Validation of the eDNA survey method has usually been against other survey methods, using direct or indirect observations25,26. However, all survey methods suffer from imperfect detection: the target organism—or its DNA—may be present but not be detected (false negative error), or the target may be detected when it is in fact absent, a misidentification (false positive error)5,27. With surveys relying on direct observation of a species, there is only one stage where the error may occur. On the other hand, in eDNA surveys errors may occur at two levels—sample collection in the field (Stage 1) and sample analysis in the laboratory (Stage 2)7. Figure 1 shows a schematic representation of true and false results at both stages. The probabilities of false positive and negative errors and the probability of site occupancy may also be influenced by a variety of covariates that relate to environmental conditions, which could act at either Stage 1 or Stage 25.

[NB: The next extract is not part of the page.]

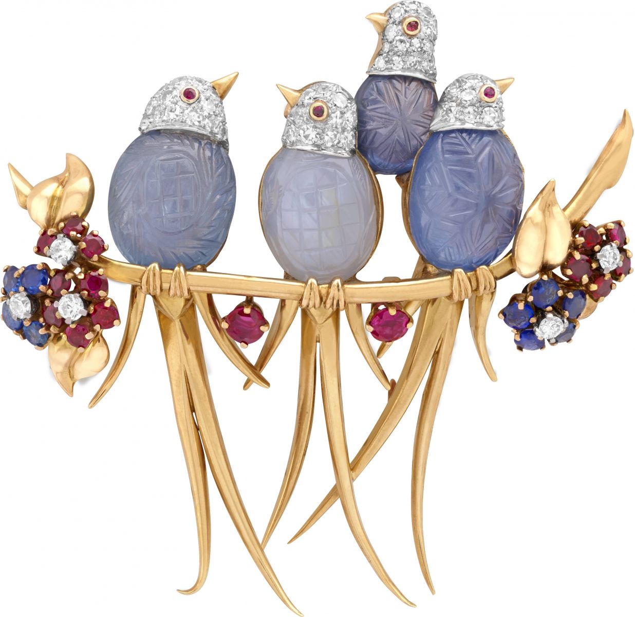 1946年的Bird胸針,當時流行描繪溫馨柔美的畫面,表達對和平的嚮往,材料有鉑金、黃K金、紅寶石、藍寶石與鑽石。
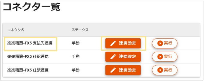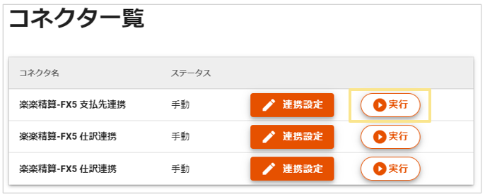 2.「コネクタ一覧」で「楽楽精算‐FX5 支払先連携」の「実行」ボタンをクリック

Occupancy models28,29,30 have been used extensively to model data collected by direct observation of the target species. More recently, multi-scale occupancy models, which account for the two stages of eDNA surveys, have also been proposed and implemented in R. Two examples are the EDNAOCCUPANCY R package31 and the msocc package18, with the latter implementing more efficient inference than the former, in a Bayesian framework using a Markov chain Monte Carlo (MCMC) method of sampling from a probability distribution. The msocc package by Stratton et al.18 also provides a web-based application to allow analysis via a user-friendly interface. These conventional occupancy models only account for the probability of a false negative observation error at the two eDNA survey stages. However, it is known that false positive errors are non-negligible in eDNA surveys5,7,19. For example, contamination of samples, misclassification of DNA sequences or poor specificity within the PCR process may all result in false positive detections. Guillera-Arroita et al.32 were the first to propose a model that accounts for both false negative and false positive observation error in the two stages of eDNA surveys. As is the case with similar models, (e.g. Royle and Link27) the model is only locally identifiable with eDNA data alone33. However, this limitation can be overcome via calibration from unambiguous survey methods or calibration experiments to identify core modelling parameters, both non-trivial exercises, or introducing informative prior distributions19,32,34. In addition, Guillera-Arroita et al.32 assumed that the probability of site occupancy as well as the probabilities of observation error are the same across all sites, an assumption that may not apply in all studies.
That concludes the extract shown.